In 2005, Confluence purchased Watermark, acquiring the Dagger, Harmony Gear, Adventure Technology, and Perception brands. The company then acquired Bomber Gear in 2010.

Sue Rechner joined the company as CEO in 2007, coming from Victorinox Swiss Army.

On April 22, 2014, J.H. Whitney & Company purchased Confluence Holdings Corporation from American Capital. They renamed it Confluence Outdoor and announced plans "to grow the business into a full-service outdoor recreation company."
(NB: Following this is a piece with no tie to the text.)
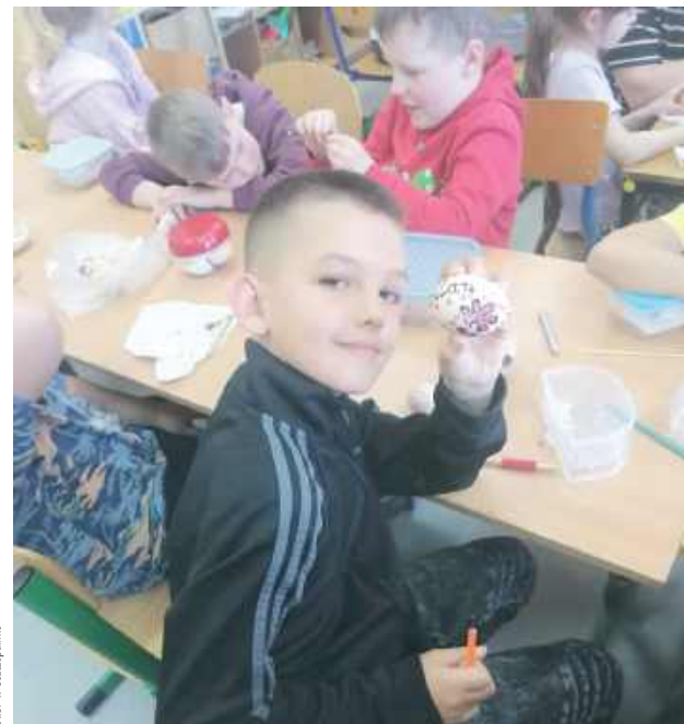
Uczniowie wykazali się talentem i kreatywnością tworząc pisanki

GMINA WOJCIESZKÓW W Szkole Podstawowej w Oszczepalinie odbyły się warsztaty wielkanocne, podczas których uczniowie mieli okazję poznać tradycyjne metody zdobienia pisanki z wykorzystaniem wosku.

On December 16, 2019, it was announced that Confluence had been acquired by Pelican International, a Canadian manufacturer of kayaks and other outdoor products.

Brands 
Confluence Outdoor manages eight separate brands which each specialize in paddling sport boats or accessories.

Adventure Technology 
Manufacturer of kayak paddles.

Boardworks Surf 
Distributor of imported stand up paddle boards, surf boards, and accessories.

Dagger Kayaks 

Manufacturer of recreational, touring, and whitewater kayaks - including the Alchemy, Axiom, Axis, Katana, Jitsu, Mamba, Mambo, Nomad, Torrent, and Zydeco models. Founded in 1988 based on the success of whitewater and touring kayaks designed by Joe Pulliam.

Harmony Gear 
Manufacturer of canoe and kayak accessories - including apparel, fishing accessories, life jackets, paddles, and sprayskirts.

Mad River Canoe 
Manufacturer of recreational, sporting, touring, and whitewater canoes - including the Adventure, Caption, Destiny, Expedition, Explorer, Freedom, Heritage, Journey, Legend, Malecite, Outrage, Reflection, Synergy, Serenade, models. Mad River Canoe was founded in 1971 by Jim Henry and Kay Henry in Vermont. The company's Malecite model was created in the Henry's woodshed, becoming their first model and remaining the company's signature model today.

Perception Kayaks 

Manufacturer of fishing, recreational, and touring kayaks - including the Carolina, Essence, Expression, Impulse, Prodigy, Tribe, Tribute, and Triumph models. Perception Kayaks was founded by Bill Masters in the early 1970s. The company develops rotational molding of plastic kayaks, reducing the expense and maintenance of kayaks.

Wave Sport Kayaks 

Manufacturer of recreational and whitewater kayaks - including the Diesel, Ethos, Fuse, Habitat, Mobius, Project, and Recon models. Founded in 1986 by Chan Zwanzig who started by importing the popular Lazer from the United Kingdom. The company began manufacturing the Lazer themselves by 1988 and began creating its own models in the 1990s. Wave Sport is a licensed brand now based out of the United Kingdom but is not actually manufactured by Confluence Outdoor.

Wilderness Systems 

Manufacturer of fishing, recreational, and touring kayaks - including the Aspire, Commander, Focus, Pamlico, Pungo, Ride, Tarpon, Tempest, Tsunami, and Zephyr models. Andy Zimmerman and John Sheppard founded Wilderness Systems in 1986 in North Carolina.

Operations 
The company operates in a single 300,000-square-foot facility in Greenville, South Carolina, which opened in 2011 and as of 2014 employs over 425 people.